Board of Directors of the Company for the time being (including executive and non-executive directors) are governed by this code of conduct. The code will also apply to the senior management of the Company. For this purpose the term ‘senior management’ shall mean personnel of the Company who are members of its core management team excluding Board of Directors. Normally, this would comprise all members of management one level below the Board of Directors, including all functional heads.
Conflict to Interest
All directors, senior management should avoid situations in which their personal interest could conflict with interest of the Company. The directors/ senior management should be scrupulous in avoiding ‘conflicts of interest’ with the Company. In case there is likely to be a conflict of interest, he/ she should make full disclosure of all facts and circumstances thereof to the Board of directors or any committee/ officer nominated for this purpose by the Board and a prior written approval should be obtained.
Honest & Ethical Conduct
The directors / senior management shall act in accordance with the highest standards of personal and professional integrity. They shall act and conduct free from fraud and deception.
The directors/ senior management shall maintain the confidentiality of confidential information of the Company or that of any valued customer/Collaborator/supplier of the Company to whom the Company has a duty to maintain confidentiality, except when disclosure is authorized or legally mandated. The confidential information includes all non-public information that might be of use to competitors. The use of confidential information for his/her own advantage or profit is also prohibited.
The directors/senior management of the Company is expressly prohibited from:
a) Taking for themselves personally opportunities that are discovered through use of Company’s property, information or position.
b) Using Company’s property, information and position for personal gains, competing directly with the business of the Company or with any business that of the Company is considering.
Audit ability & Transparency
All the directors/ senior management shall ensure that their actions in the conduct of business are totally transparent except where the needs of business security dictate otherwise. It shall be necessary to ensure that areas of operation are open to audit and the conduct of activities is totally auditable.
The directors/senior management should deal fairly with customers, suppliers, competitors and employees of the Company. They should not take unfair advantage of anyone through manipulation, concealment, abuse of confidential, trade secret information, misrepresentation of material facts or any other unfair dealing practices.
No director/senior management of the Company shall misuse Company’s facilities. Except where such facilities have been provided for personal use either by policy or by specific permission, Company’s facilities shall not be used for personal use.
Compliance with Laws, Rules and Regulations
The directors/senior management of the Company shall comply with applicable laws, rules and regulations. Transactions directly or indirectly involving securities of the Company should not be undertaken without pre-clearance from the Company’s Board of Directors.
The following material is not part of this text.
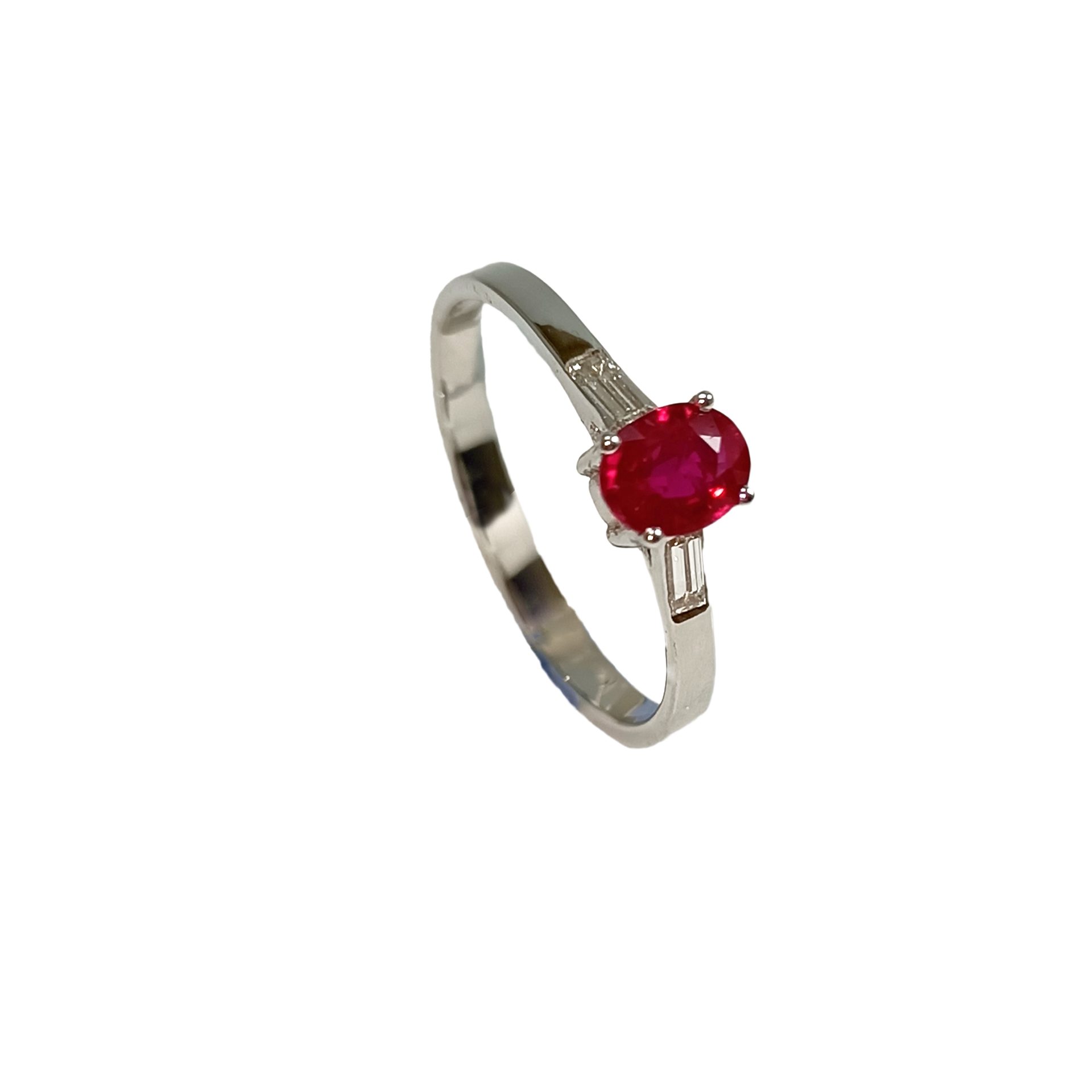 Sortija en oro blanco, con rubí y dos diamantes t.baguette
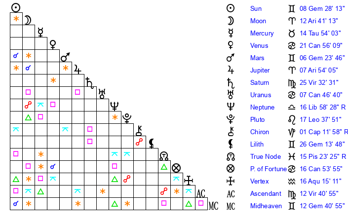 | Sun | 8 Gemini 28 | 9 Gemini 32 | 19 Leo 10 |

Compliance with code of conduct
If any director/senior management who knows of or suspects of a violation of applicable laws, rules or regulations of this code of conduct, he/she must immediately report the same to the Board of Directors or any designated committee thereof. Such person should as far as possible provide the details of suspected violations with all known particulars relating to the issue.
Violations of this code of conduct will result in disciplinary action, which may even include termination of services of the employee. The Company’s Board or any committee designated by the Board for this purpose shall determine appropriate action in response to violations of this code of conduct.